### Supplied information:

□ □ □

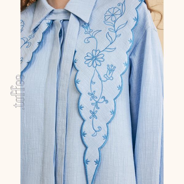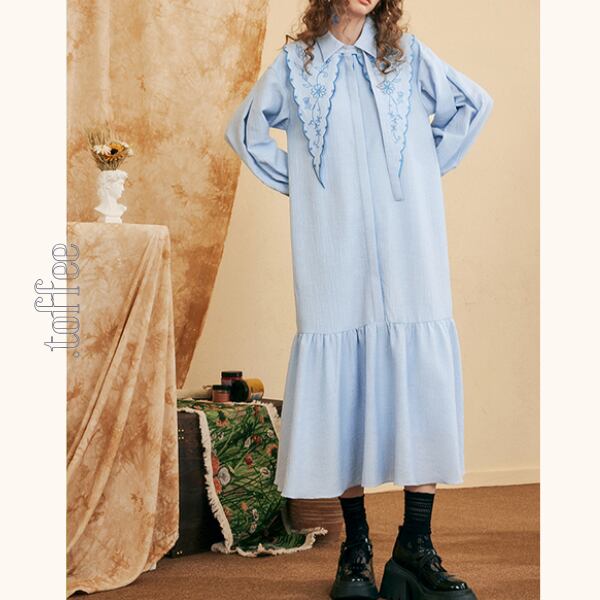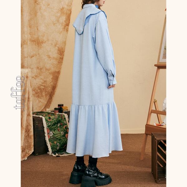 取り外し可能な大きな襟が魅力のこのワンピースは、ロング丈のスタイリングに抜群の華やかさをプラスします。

□ □ □

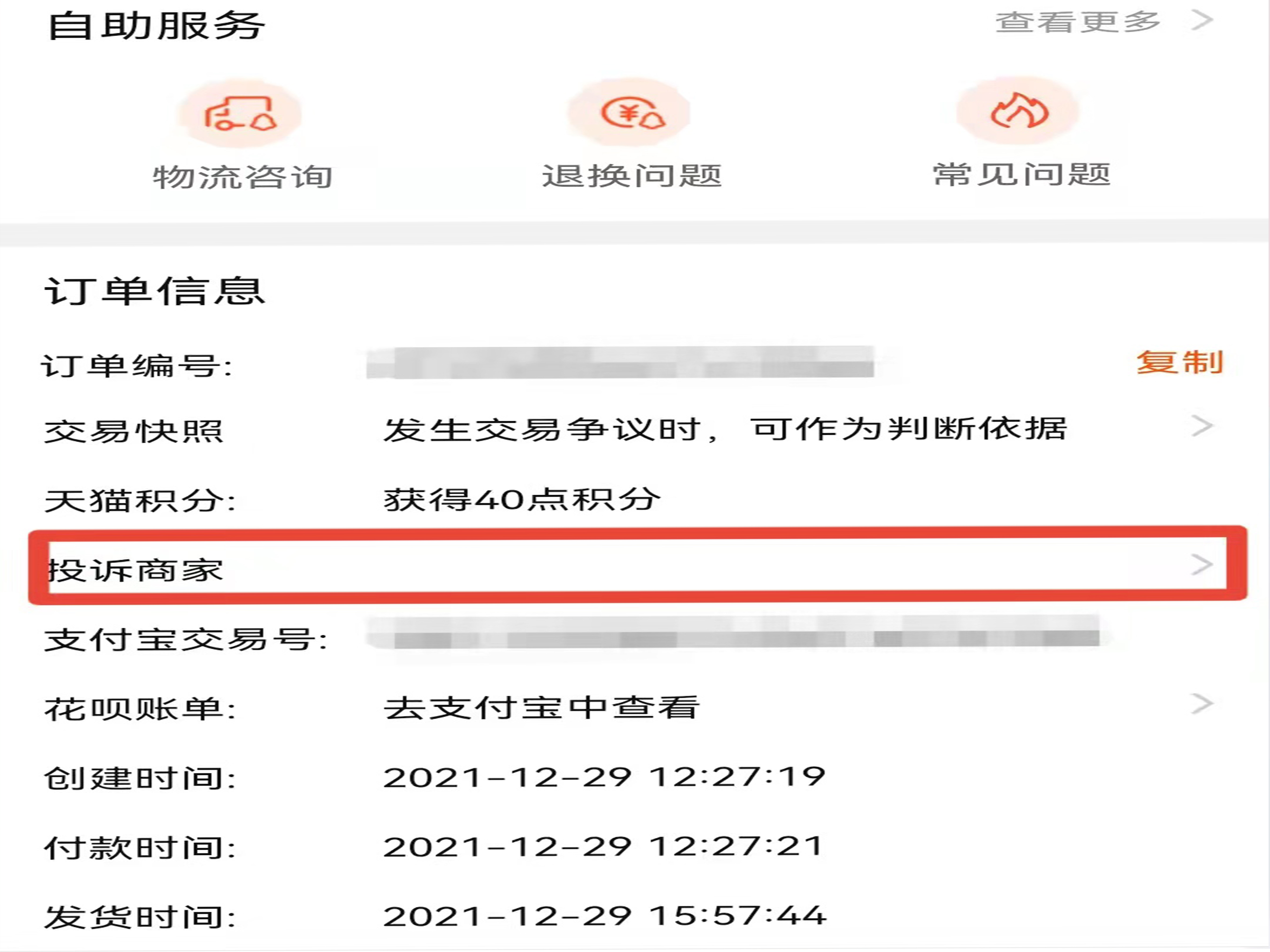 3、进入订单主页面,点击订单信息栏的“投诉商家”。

□ □ □

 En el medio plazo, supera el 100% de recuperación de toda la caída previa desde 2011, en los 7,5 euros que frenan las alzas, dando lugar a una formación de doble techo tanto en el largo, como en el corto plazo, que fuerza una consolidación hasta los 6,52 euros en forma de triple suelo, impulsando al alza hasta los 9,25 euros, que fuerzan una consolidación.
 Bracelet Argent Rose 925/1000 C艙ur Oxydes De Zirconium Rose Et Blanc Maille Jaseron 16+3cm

□ □ □

Could you restate word for word the lines above, from the one that contains "En el medio" through the one that contains "Bracelet Argent Rose", and no others?

 En el medio plazo, supera el 100% de recuperación de toda la caída previa desde 2011, en los 7,5 euros que frenan las alzas, dando lugar a una formación de doble techo tanto en el largo, como en el corto plazo, que fuerza una consolidación hasta los 6,52 euros en forma de triple suelo, impulsando al alza hasta los 9,25 euros, que fuerzan una consolidación.
 Bracelet Argent Rose 925/1000 C艙ur Oxydes De Zirconium Rose Et Blanc Maille Jaseron 16+3cm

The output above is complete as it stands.